# Anyone familiar with the Tangetenflügel (tangent piano)?



## jegreenwood (Dec 25, 2015)

An article in today's NY Times.

https://www.nytimes.com/2018/08/31/...?action=click&module=Features&pgtype=Homepage

The recording (C.P.E. Bach performed by Alexei Lubimov) is on Tidal, so I plan to check it out.


----------



## Quartetfore (May 19, 2010)

I read the article yesterday in the "Times", It was interesting


----------



## Mandryka (Feb 22, 2013)

jegreenwood said:


> An article in today's NY Times.
> 
> https://www.nytimes.com/2018/08/31/...?action=click&module=Features&pgtype=Homepage
> 
> The recording (C.P.E. Bach performed by Alexei Lubimov) is on Tidal, so I plan to check it out.


Try also CPE Bach's Kenner and Liebhaber sonatas played on a tangent piano by Miklos Spanyi, Vol 33 of his complete CPE Bach


----------



## norman bates (Aug 18, 2010)

Interesting instrument, I've never heard it before.

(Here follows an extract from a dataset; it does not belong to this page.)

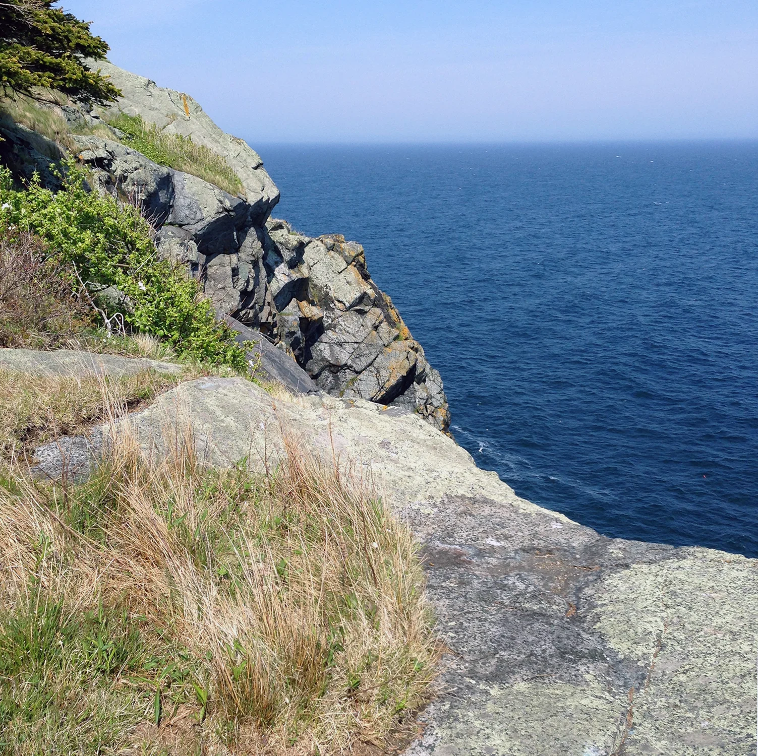 Hiking through forest on Monhegan Island, I finally came to the sea. The cliffs were high, but I climbed down to where I could get a clear view. Looking up, I noticed I was not alone...a stone gorilla was like me....watching.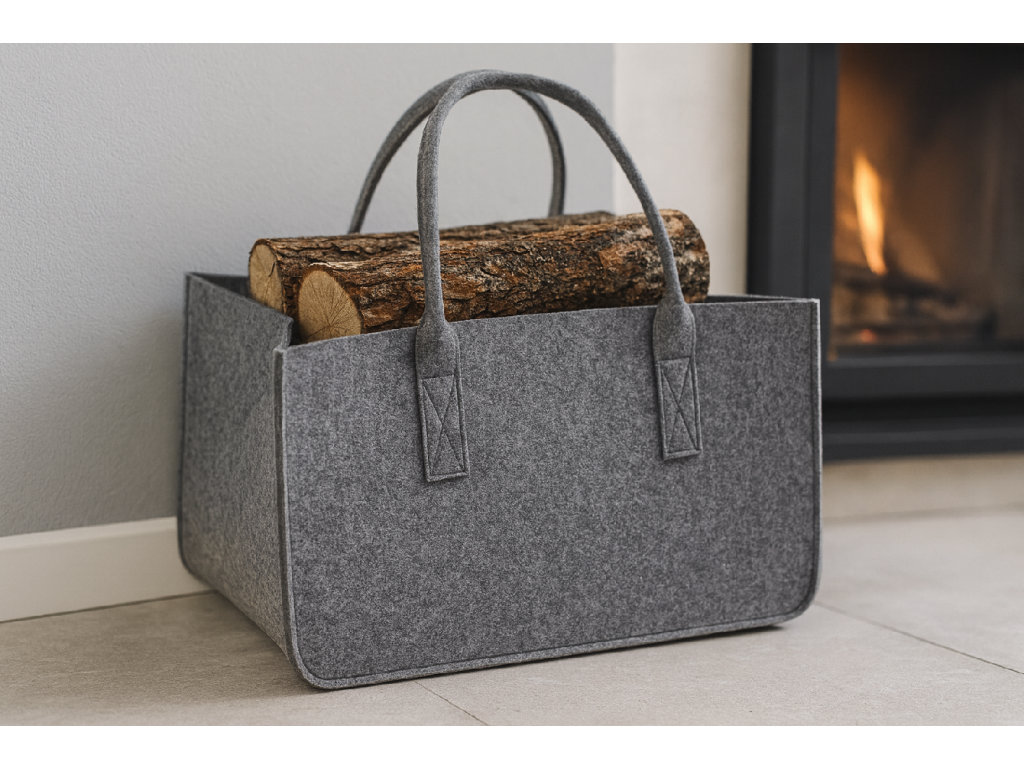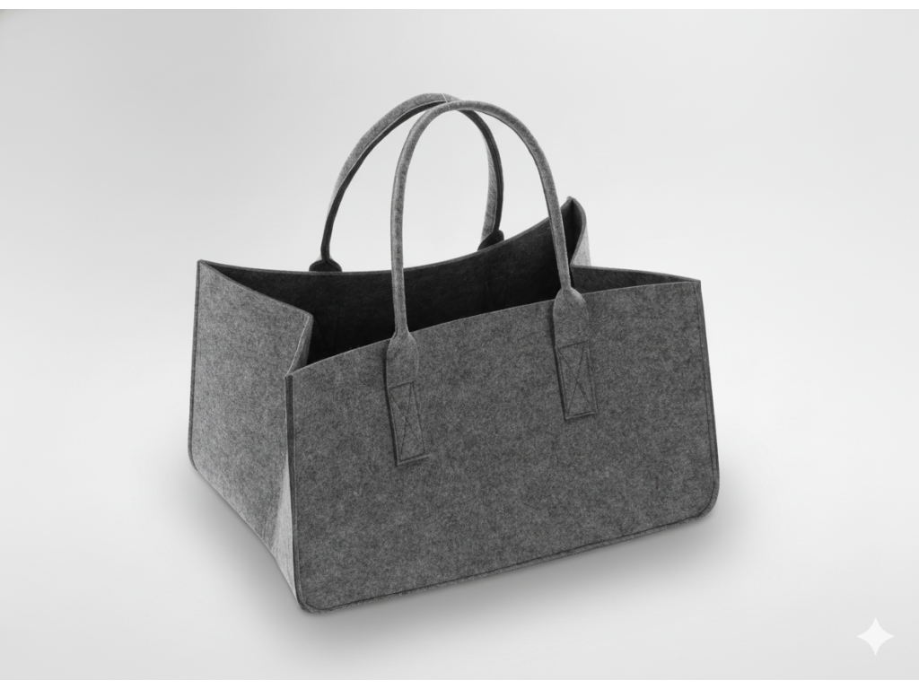 Univerzalna i praktična torba od filca. Idealno je pogodna za nošenje drva za kamin, kao i za prijevoz namirnica u prtljažniku. Uspješno je možete ponijeti na plažu ili piknik i spremiti različite stvari. Torba ima čvrste ručke.

To my ears it sounds something between a harpsichord and piano. The sound it's more similar to the harpsichord, altough a bit less metallic, but with the dynamics of the piano.


----------



## jegreenwood (Dec 25, 2015)

norman bates said:


> Interesting instrument, I've never heard it before. To my ears it sounds something between a harpsichord and piano. The sound it's more similar to the harpsichord, altough a bit less metallic, but with the dynamics of the piano.


Actually, the sound (but not the dynamics) reminded me most of the clavichord.


----------



## EdwardBast (Nov 25, 2013)

Mandryka said:


> Try also CPE Bach's Kenner and Liebhaber sonatas played on a tangent piano by Miklos Spanyi, Vol 33 of his complete CPE Bach


Spanyi has also recorded a number of the concertos on tangent piano. I love the sound of that instrument.


----------



## Enthusiast (Mar 5, 2016)

Another thumbs up for the Spanyi series - both the solo and the concerto series.


----------